▶ _MATERIAL FOR THE TASK_
+-------+
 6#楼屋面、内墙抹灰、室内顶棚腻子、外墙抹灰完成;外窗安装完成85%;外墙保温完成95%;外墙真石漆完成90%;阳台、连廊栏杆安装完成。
+-------+
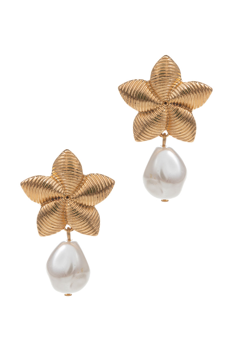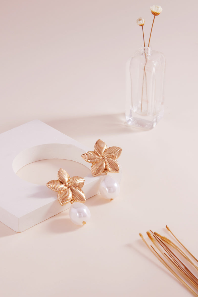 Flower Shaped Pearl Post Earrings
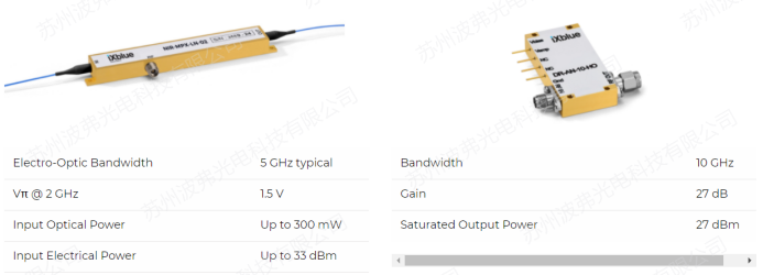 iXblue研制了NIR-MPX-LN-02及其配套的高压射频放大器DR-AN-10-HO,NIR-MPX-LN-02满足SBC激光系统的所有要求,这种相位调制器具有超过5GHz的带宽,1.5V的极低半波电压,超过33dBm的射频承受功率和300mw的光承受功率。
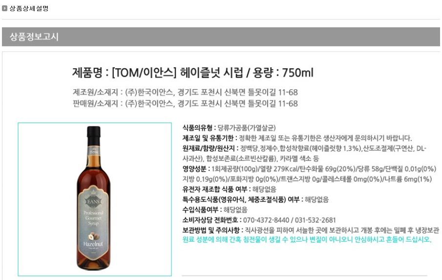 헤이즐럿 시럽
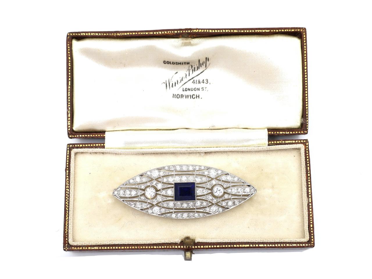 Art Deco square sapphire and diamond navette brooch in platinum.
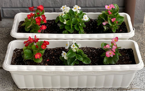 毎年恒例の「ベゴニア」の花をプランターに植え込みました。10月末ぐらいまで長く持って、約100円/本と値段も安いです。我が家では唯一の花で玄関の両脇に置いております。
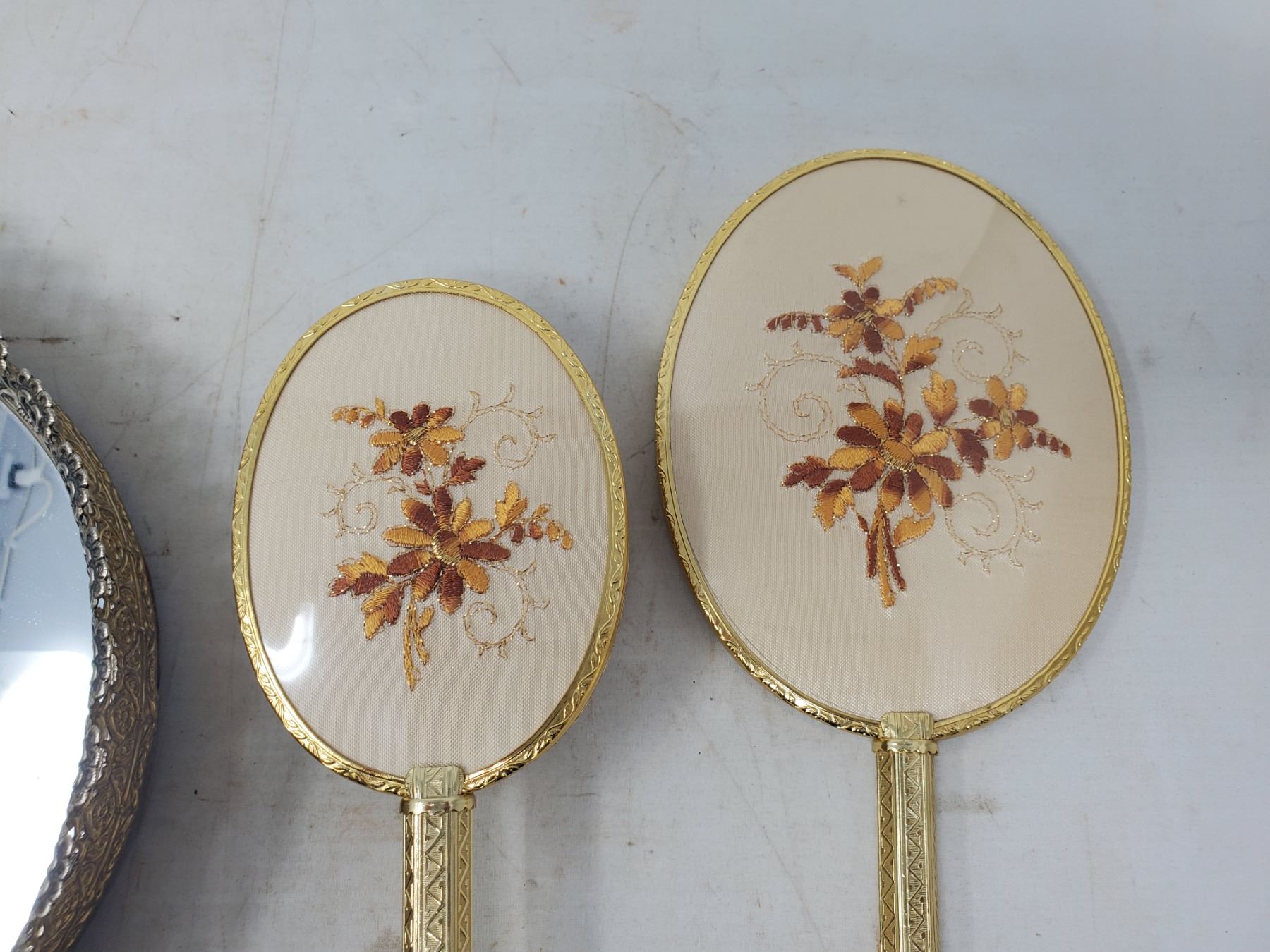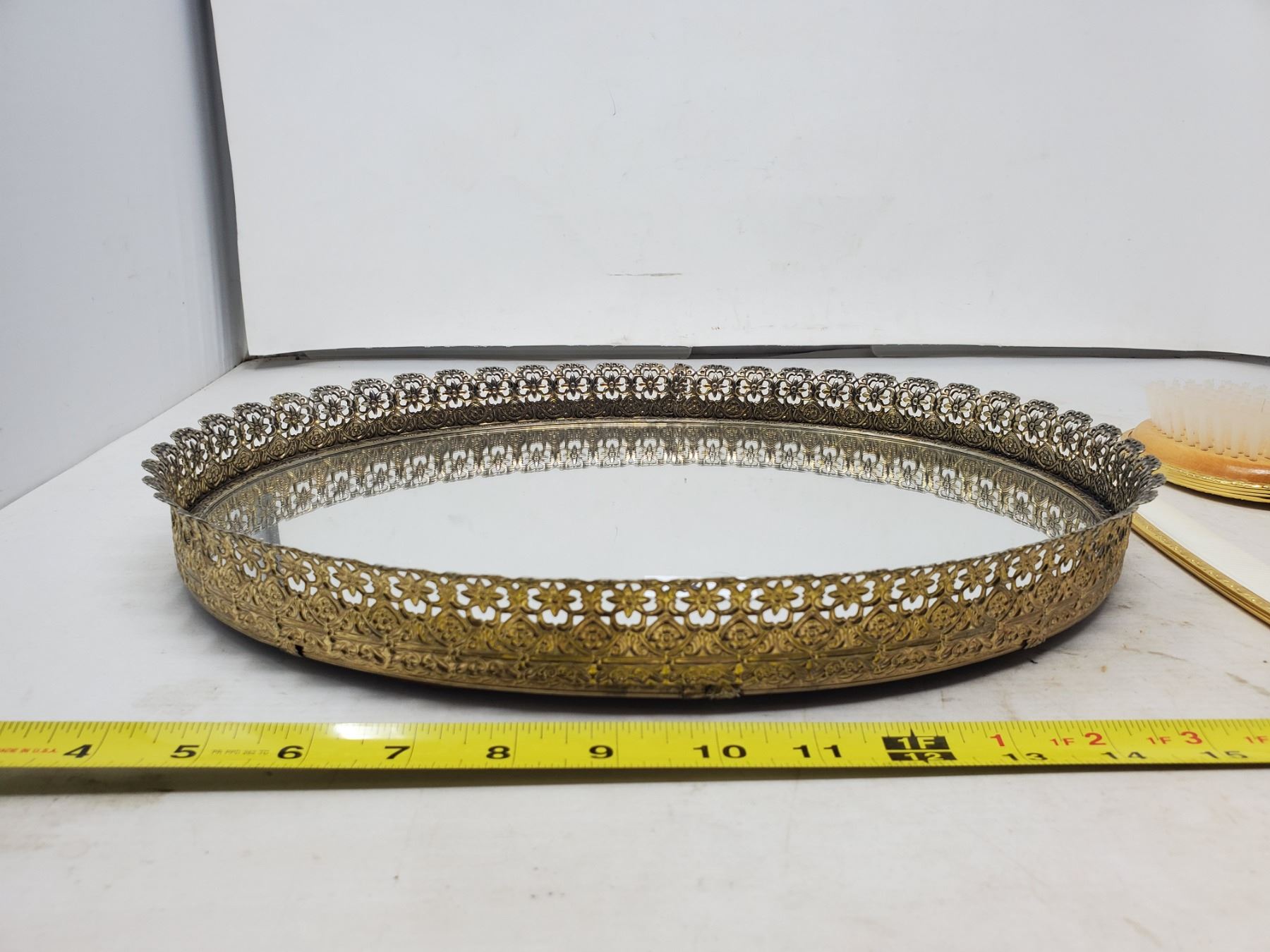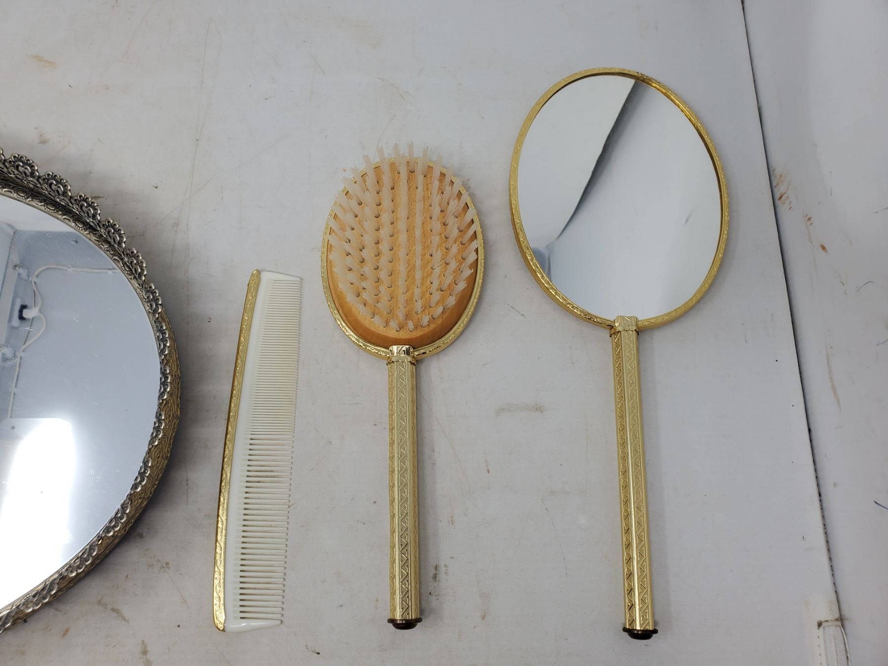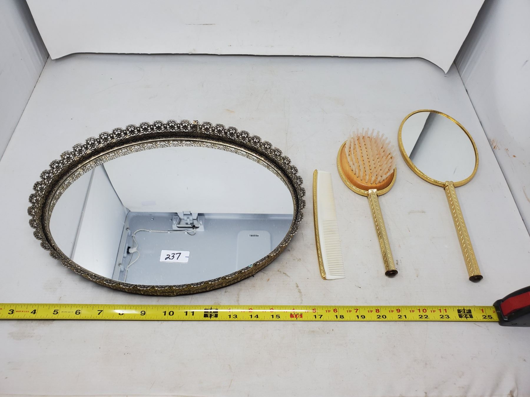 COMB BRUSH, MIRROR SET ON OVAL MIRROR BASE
+-------+
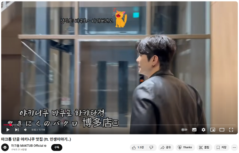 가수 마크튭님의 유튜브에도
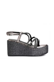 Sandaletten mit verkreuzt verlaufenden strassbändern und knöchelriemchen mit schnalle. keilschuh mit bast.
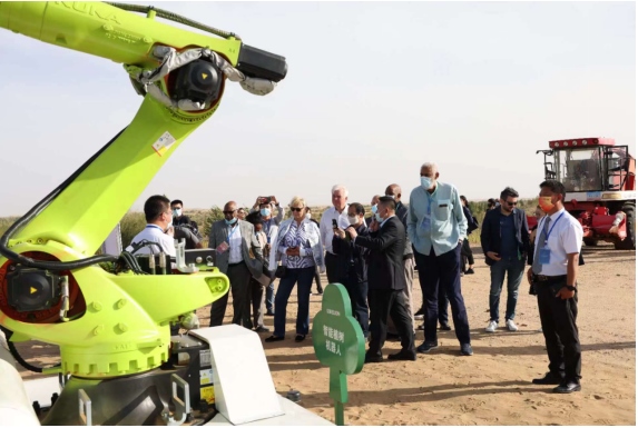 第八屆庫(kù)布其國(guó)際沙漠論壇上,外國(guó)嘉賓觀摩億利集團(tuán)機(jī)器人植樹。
+-------+
▶ _TASK DESCRIPTION_
Exact copy, no pictures. Write out the lines in the entries above, starting with the line with "Art Deco square" and going on through the line with "COMB BRUSH, MIRROR SET ON OVAL MIRROR BASE", keeping both.

▶ _RESULT FOR THIS TASK_
 Art Deco square sapphire and diamond navette brooch in platinum.
 毎年恒例の「ベゴニア」の花をプランターに植え込みました。10月末ぐらいまで長く持って、約100円/本と値段も安いです。我が家では唯一の花で玄関の両脇に置いております。
 COMB BRUSH, MIRROR SET ON OVAL MIRROR BASE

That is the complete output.